THE WOMAN IN WHITE.
PART THE THIRD.
HARTRIGHT'S NARRATIVE.
IV.
My first conviction, as soon as I found myself
outside the house, was that no alternative was
left me but to act at once on the information I
had received—to make sure of the Count, that
night, or to risk the loss, if I only delayed till
the morning, of Laura's last chance. I looked
at my watch: it was ten o'clock.
Not the shadow of a doubt crossed my mind
of the purpose for which the Count had left the
theatre. His escape from us, that evening, was,
beyond all question, the preliminary only to his
escape from London.
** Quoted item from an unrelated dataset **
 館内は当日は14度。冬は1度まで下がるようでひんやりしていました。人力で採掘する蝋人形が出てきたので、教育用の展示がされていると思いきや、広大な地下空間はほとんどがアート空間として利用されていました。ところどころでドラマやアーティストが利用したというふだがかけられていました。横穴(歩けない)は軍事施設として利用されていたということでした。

The mark of the Brother-
hood was on his arm—I felt as certain of it
as if he had shown me the brand—and the
betrayal of the Brotherhood was on his
conscience—I had seen it in his recognition of
Pesca.
It was easy to understand why that recognition
had not been mutual. A man of the Count's
character would never risk the terrible consequences
of turning spy without looking to his personal
security quite as carefully as he looked to his
golden reward. The shaven face, which I had
pointed out at the Opera, might have been
covered by a beard in Pesca's time; his dark
brown hair might be a wig. The accident of time
might have helped him as well—his immense
corpulence might have come with his later years.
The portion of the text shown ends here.